So today Occupy Wall Street protestors filtered into Lower Manhattan, intent on re-creating the chaos they launched a year ago today, determined again to raise a powerful call for social justice on behalf of the poor and oppressed in this country and around the world.
In terms of protestor numbers and amount of chaos created, the day would seem to have been a flop. In terms of spotlighting injustice and articulating an agenda for change, it was as complete a failure as last year’s pathetic spectacle.
On the first point, the New York Daily News reports:
So much for the revolution.
More than 150 self-professed members of the 99 percent were arrested Monday as the Occupy Wall Street movement marked its one-year anniversary by trying to bottle-up the fat cats in the Financial District.
In the end, it was the demonstrators who found themselves penned in and pursued all day long by police, with the arrests coming for disorderly conduct charges.
Instead of shutting down the New York Stock Exchange and crippling capitalism, they found themselves being marched around Lower Manhattan by police officers.
On the second point, you can’t advance an agenda for creating justice if you don’t understand justice in the first place. The motley hodgepodge of communists, anarchists, anti-capitalists, socialists, and boy-men proved a year ago that they couldn’t even agree on what injustice is, much less how to create justice. The unions fueling the movement couldn’t care less about justice, having grown fat on member dues and political patronage, zeroed in as they are on feathering their own nests, even at the expense of their members’ well-being.

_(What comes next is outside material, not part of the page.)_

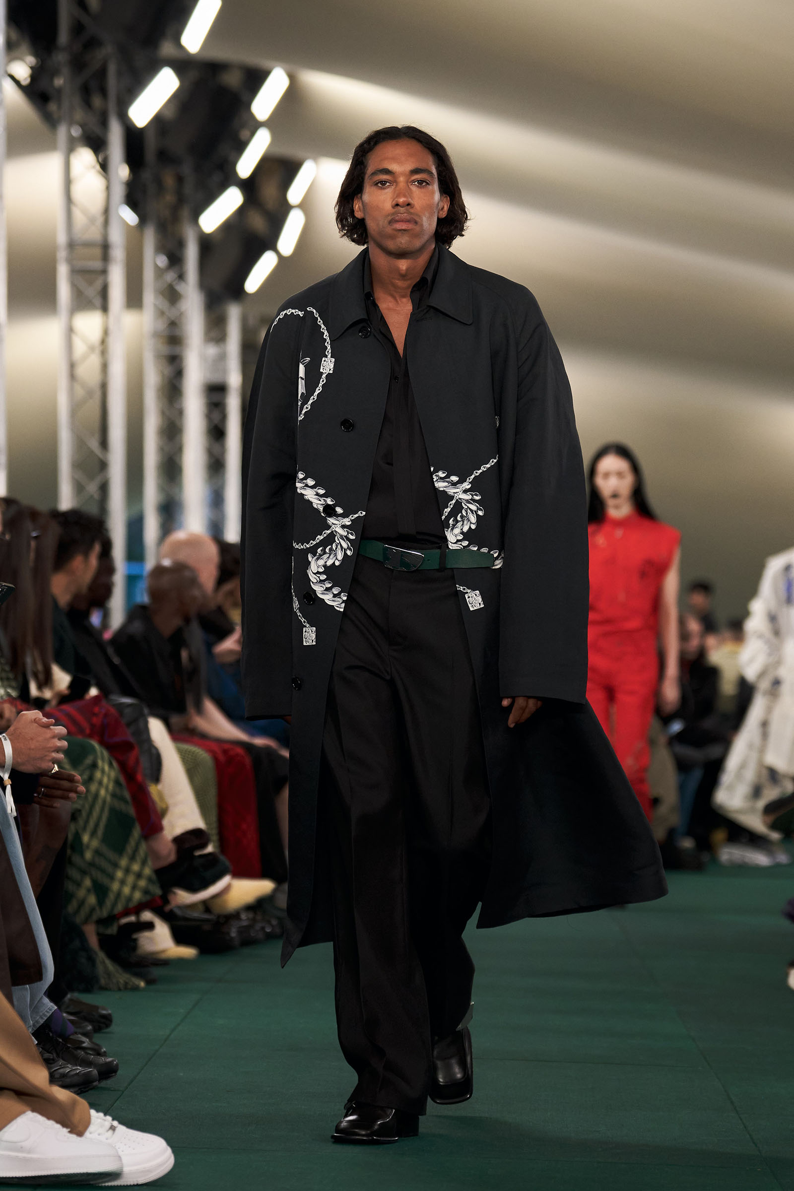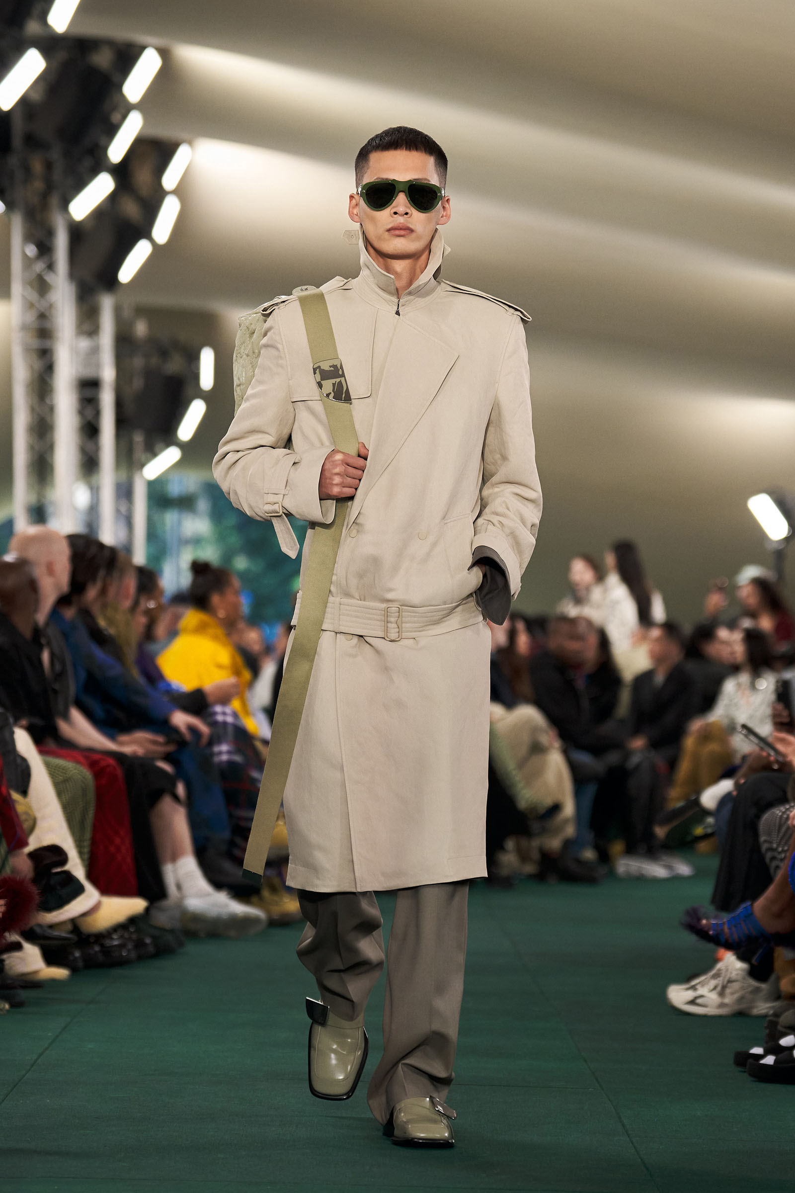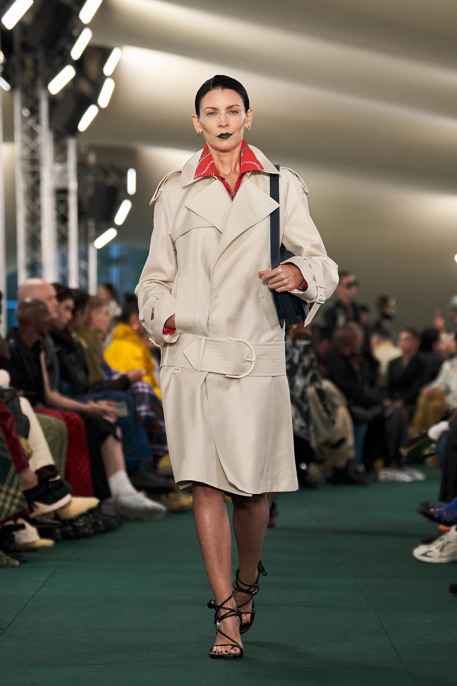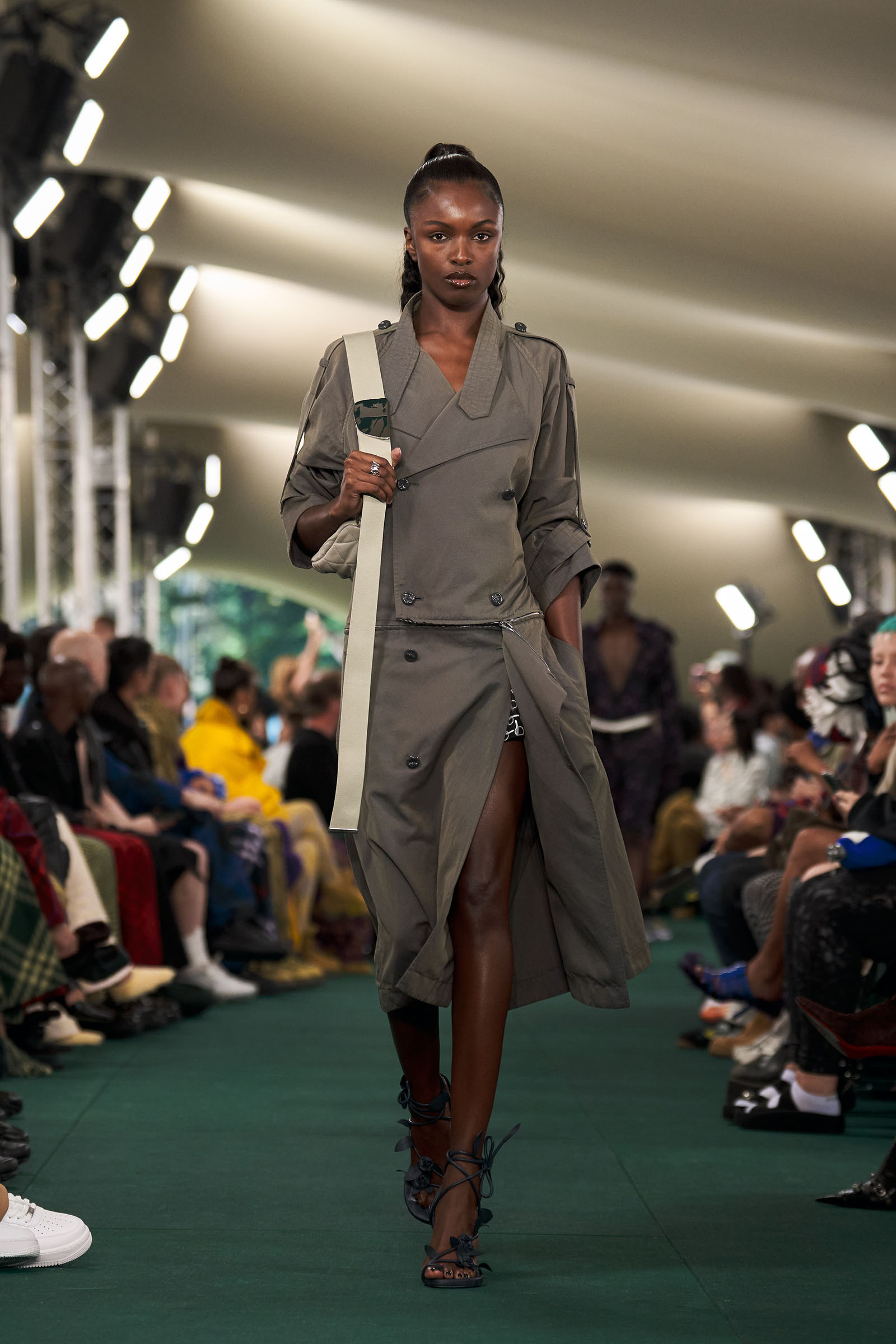 Outside the leafy local venue, there was a very English food van, dispensing Eccles cakes, Guinness bread, and cups of tea—a taste of cheerful traditional Yorkshire hospitality familiar to Lee’s upbringing in the North of England. Inside, there were green park benches, quilted green horse blankets, camping bottles, and a friendly convergence of the kind of guests who make multicultural London and Britain what they are today—actors, athletes, artists, footballers, rappers, and musicians including Kylie Minogue, Rachel Weisz, Naomi Ackie, Jason Statham, and Mo Farah. The good-natured atmosphere, somehow leveling, uplifting, and a little bit jolly had nobody strutting around behaving like look-at-me superstars. Instead, there was sitting down, chatting, smiling, and waving. And as we know, this is a rarity among the rigid dividing-lines of the social snobberies which normally pertain at a big brand fashion show.

We give Episcopal Bishop George Packard, who was among those arrested today, an exemption on these counts, assuming his familiarity with the Bible and it’s crystal-clear commands and warnings about our behavior reflecting the righteousness of the one in whose image we are created. He told the NYDN he thought the OWS demonstrations were “gloriously delivered in fits and starts in the Occupy fashion. You can never deny the verve and the force of this movement.”
Both of America’s major political parties have done nothing but deepen and widen the chasm between this country’s “haves” and “have nots.” One party seems determined to enrich the rich, while the other focuses on aggravating and exploiting have-not resentment. Both parties seem committed to enlarging the federal entitlement plantation and leveraging their political power to enrich their cronies.
The rage that seethes beneath the surface in this country is mollified only by the despair that enslaves poor souls who have no hope of freedom. Injustice abounds at every turn. The poor in this country have plenty of legitimate complaints. One party couldn’t care less; the other cynically exploits the resentments.
And the vast majority of church members busy themselves with their daily concerns, keeping their heads down lest they see something that stirs the conscience, keeping their Bibles closed lest they hear the thundering voice of a prophet or the gentle nudge of a still, small voice.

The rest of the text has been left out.